- **Task brief**
Once you find the line with "You'll fall in" in the data below, transcribe exactly each line from there to the line with "21. Le séchoir", inclusive, and nothing else. Drop the pictures.

(Dataset items)
================

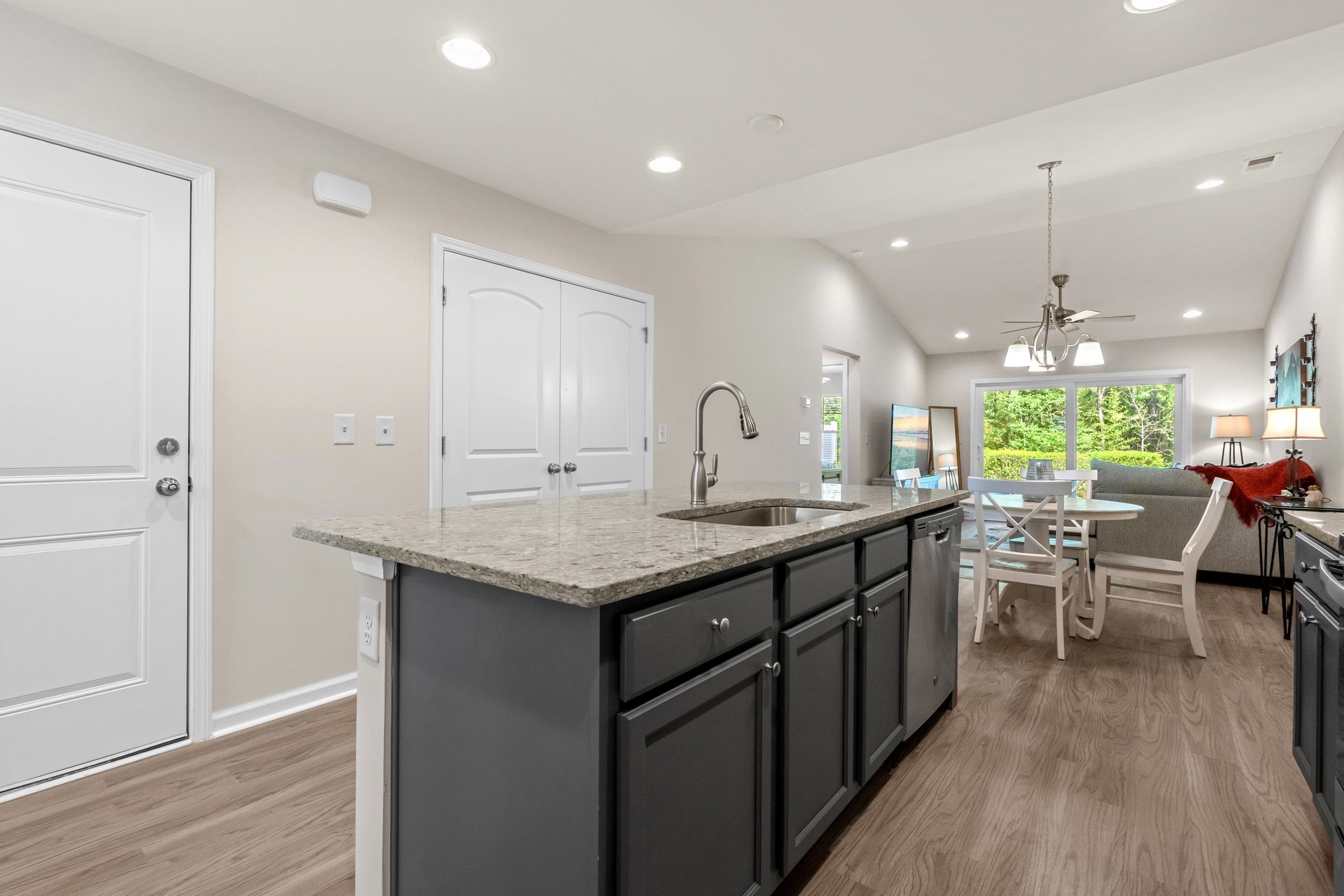 Welcome to easy, low-maintenance living in this beautifully maintained 3-bedroom, 2.5-bath interior townhome built in 2020, offering 1,353 heated square feet and approximately 1,700 total square feet of thoughtfully designed space. The primary suite is conveniently located on the first floor, providing privacy and ease of living, while upstairs features two spacious bedrooms, a full bath, and a large storage areaperfect for keeping everything organized. The open-concept living area flows seamlessly into a well-appointed kitchen featuring solid surface countertops, ideal for both everyday living and entertaining. Step outside to your private back patio overlooking peaceful wooded views, creating the perfect spot to relax and unwind. This home also includes a private garage and comes fully equipped with all appliances conveying, making it truly move-in ready. The HOA covers an impressive list of services including internet, cable, pest control, garbage, exterior maintenance, and insuranceallowing you to enjoy a worry-free lifestyle just minutes from the beach, shopping, and dining. Whether you're looking for a primary residence, second home, or investment opportunity, this property checks all the boxes.
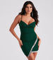 You'll fall in love with the sparkling details of this rhinestone trim mini dress! It features a sleeveless V-neckline with a surplice design, adjustable spaghetti straps, pleating at the waist, a faux wrap-front skirt with an asymmetrical mini-length hem, and a glitzy rhinestone accent trim. The dress offers a curve-hugging bodycon silhouette. Style with strappy stilettos.
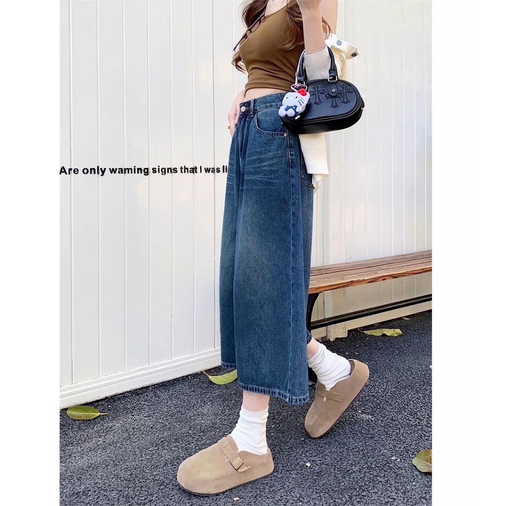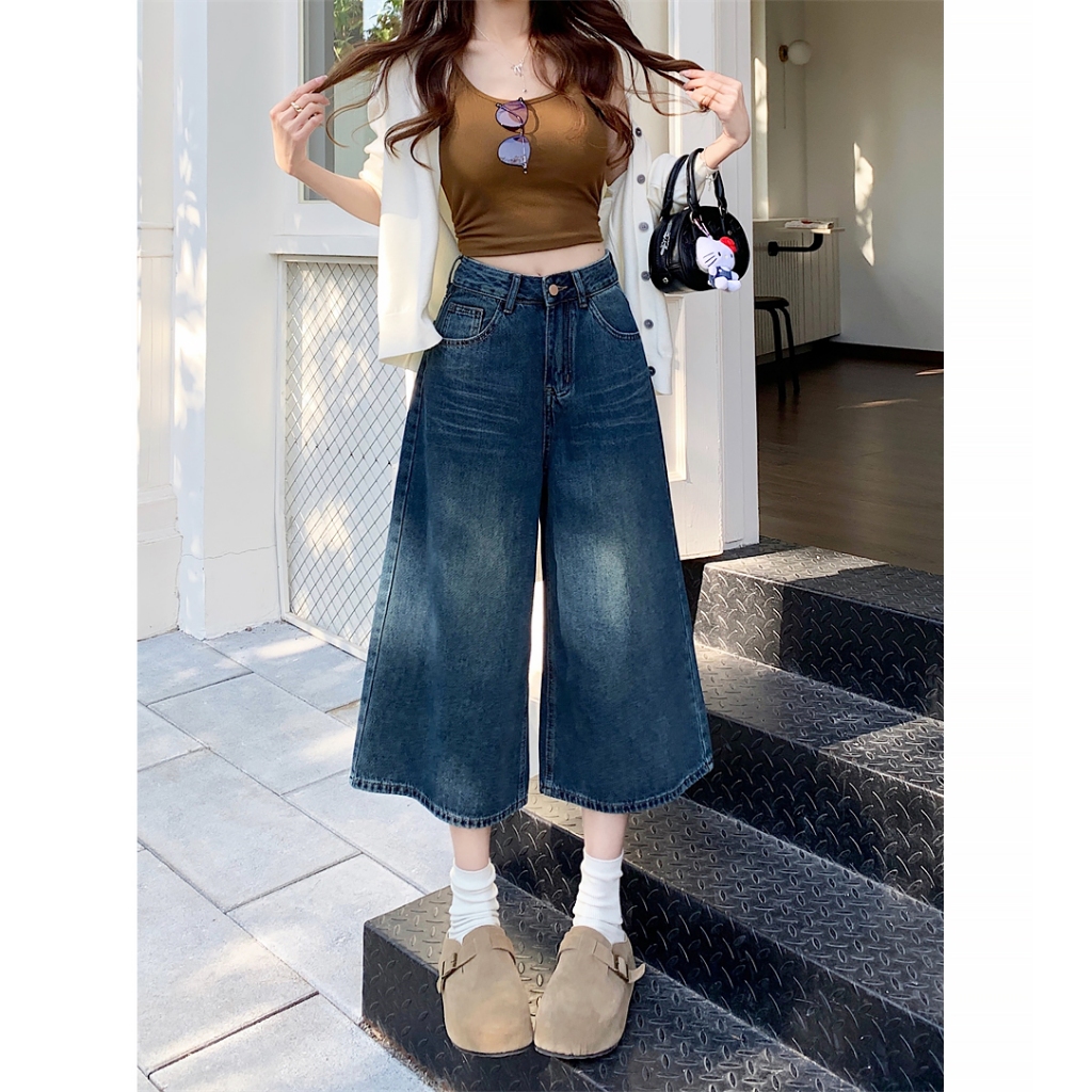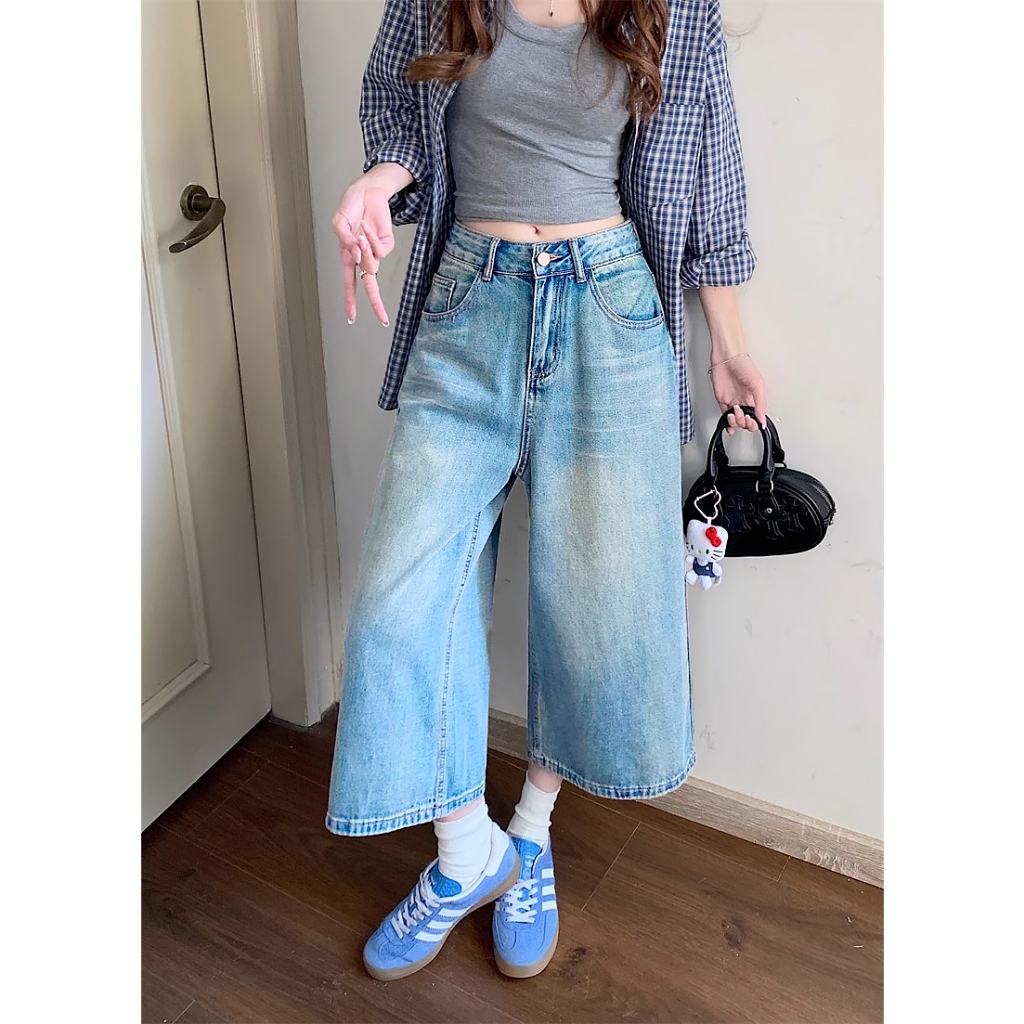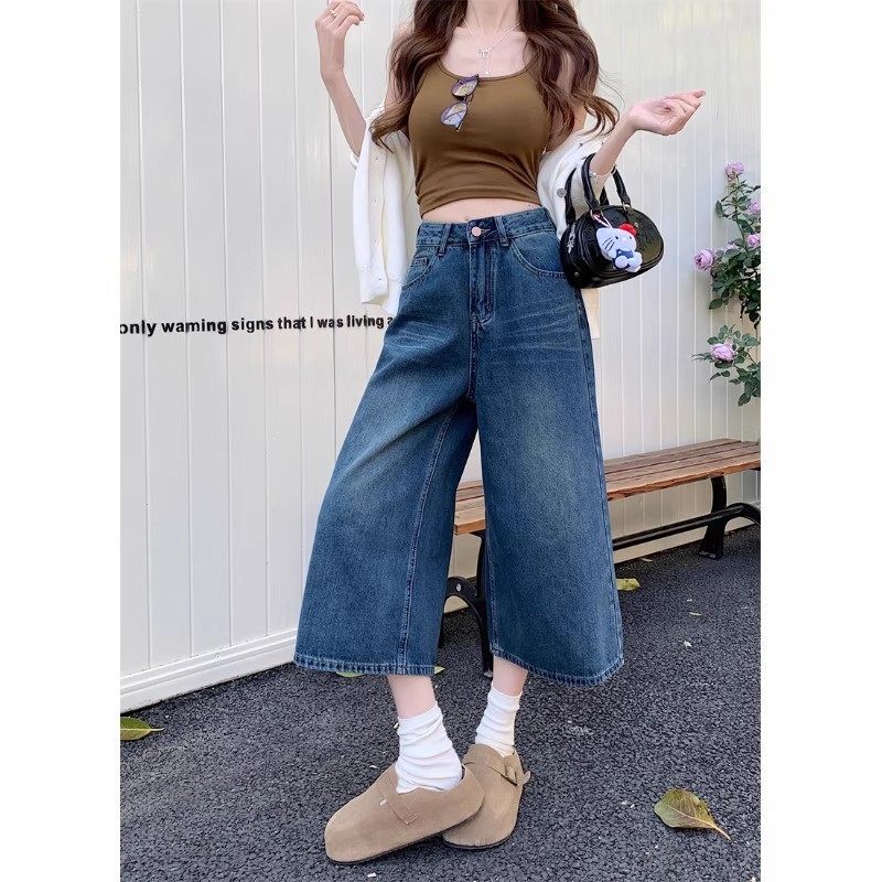 [✅BISA ] celana jeans wanita kulot Retro biru pants pria wanita 3/4 pants baggy pants premium denim fashion dewasa
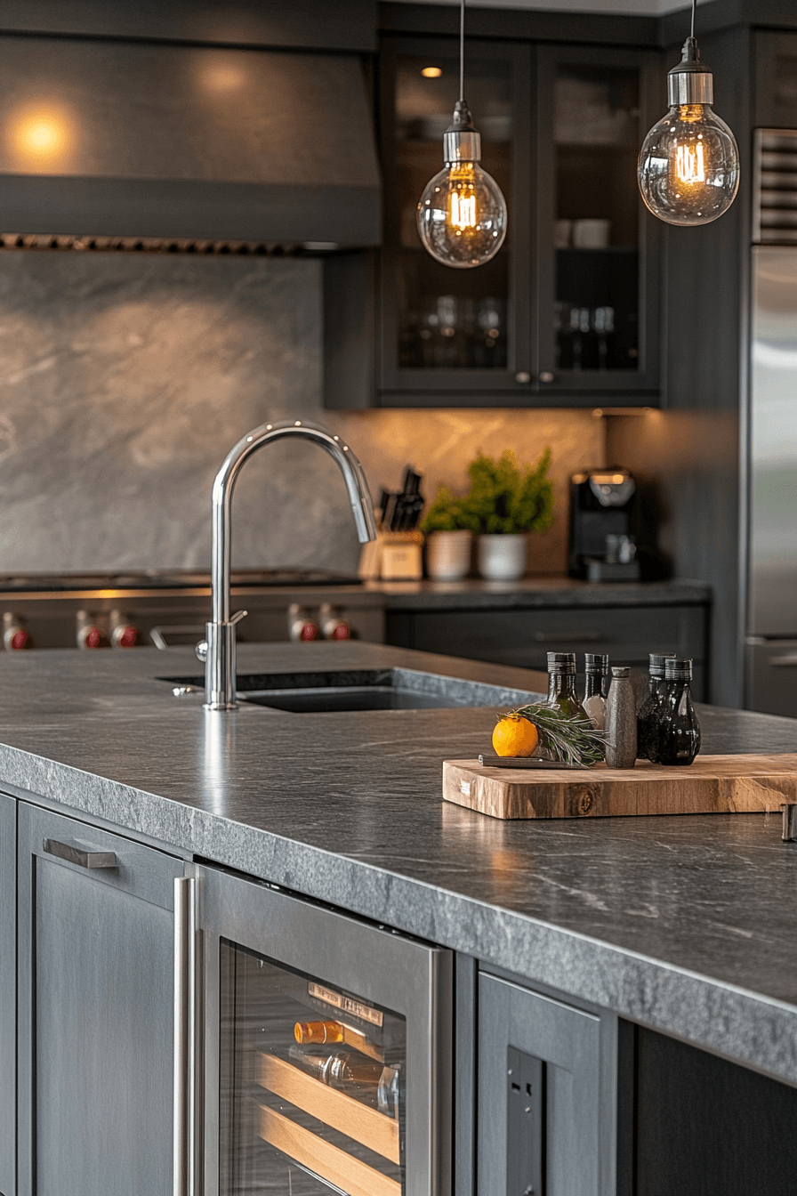 Dark gray surfaces inspired by natural stone give granite countertops a grounded and elegant appeal. Subtle variations in tone add depth while maintaining a smooth, cohesive look. This muted palette complements a wide range of interior styles, from rustic to modern. It provides a calming backdrop that enhances the rest of the space. Built to last, granite ensures durability with minimal upkeep. Click to explore more granite countertops with natural, understated beauty.
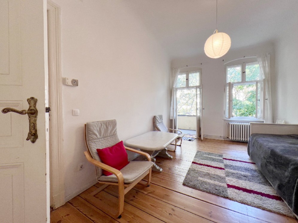 Diese schöne Altbauwohnung verzaubert mit ihrem warmen Dielenboden, der Einbauküche und dem gemütlichen Balkon. Die vollständige Möblierung und die liebevollen Details schaffen eine gemütliche und einladende Atmosphäre.
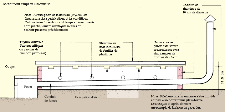 21. Le séchoir précédent fonctionne bien par temps ensoleillé. Si le séchage doit se poursuivre pendant de longues périodes de temps nuageux ou pluvieux, il y a parfois intérêt à construire un séchoir «tout temps» muni d'un système de chauffage. Il peut en outre servir de séchoir solaire par temps ensoleillé.
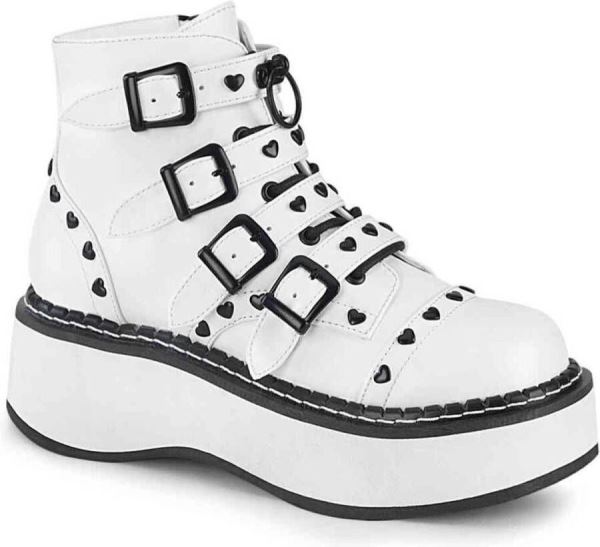 Demonia. Een mat zwarte laars met riemen. Plateau 7 inch = 17.78 cm.Materiaal:PU/TPU – Polyurethaan – Thermoplastisch rubber[ Schoenen in allerlei stijlen zoals laarzen, creepers, pumps, stiletto’s, vegan, sleehakken, steampunk, gothic, punk, studs, emo, grunge, pinup, vintage, retro, metal, rock, edgy ]
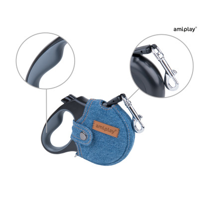 Amiplay Infini Smycz automatyczna z obudową Denim M 5 m – 15 kg niebieska dla psa
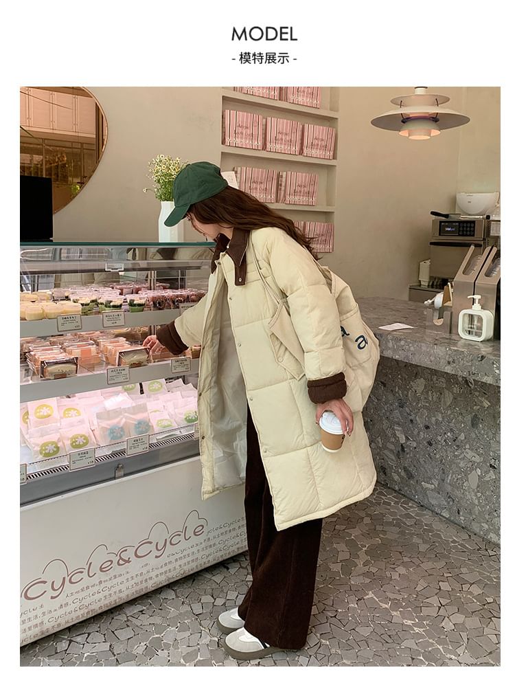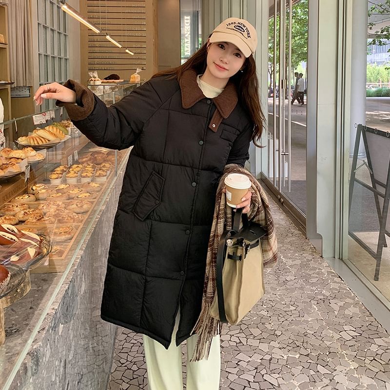 Collared Two Tone Panel Corduroy Midi Zip Puffer Coat

================

- **Exercise result**
 You'll fall in love with the sparkling details of this rhinestone trim mini dress! It features a sleeveless V-neckline with a surplice design, adjustable spaghetti straps, pleating at the waist, a faux wrap-front skirt with an asymmetrical mini-length hem, and a glitzy rhinestone accent trim. The dress offers a curve-hugging bodycon silhouette. Style with strappy stilettos.
 [✅BISA ] celana jeans wanita kulot Retro biru pants pria wanita 3/4 pants baggy pants premium denim fashion dewasa
 Dark gray surfaces inspired by natural stone give granite countertops a grounded and elegant appeal. Subtle variations in tone add depth while maintaining a smooth, cohesive look. This muted palette complements a wide range of interior styles, from rustic to modern. It provides a calming backdrop that enhances the rest of the space. Built to last, granite ensures durability with minimal upkeep. Click to explore more granite countertops with natural, understated beauty.
 Diese schöne Altbauwohnung verzaubert mit ihrem warmen Dielenboden, der Einbauküche und dem gemütlichen Balkon. Die vollständige Möblierung und die liebevollen Details schaffen eine gemütliche und einladende Atmosphäre.
 21. Le séchoir précédent fonctionne bien par temps ensoleillé. Si le séchage doit se poursuivre pendant de longues périodes de temps nuageux ou pluvieux, il y a parfois intérêt à construire un séchoir «tout temps» muni d'un système de chauffage. Il peut en outre servir de séchoir solaire par temps ensoleillé.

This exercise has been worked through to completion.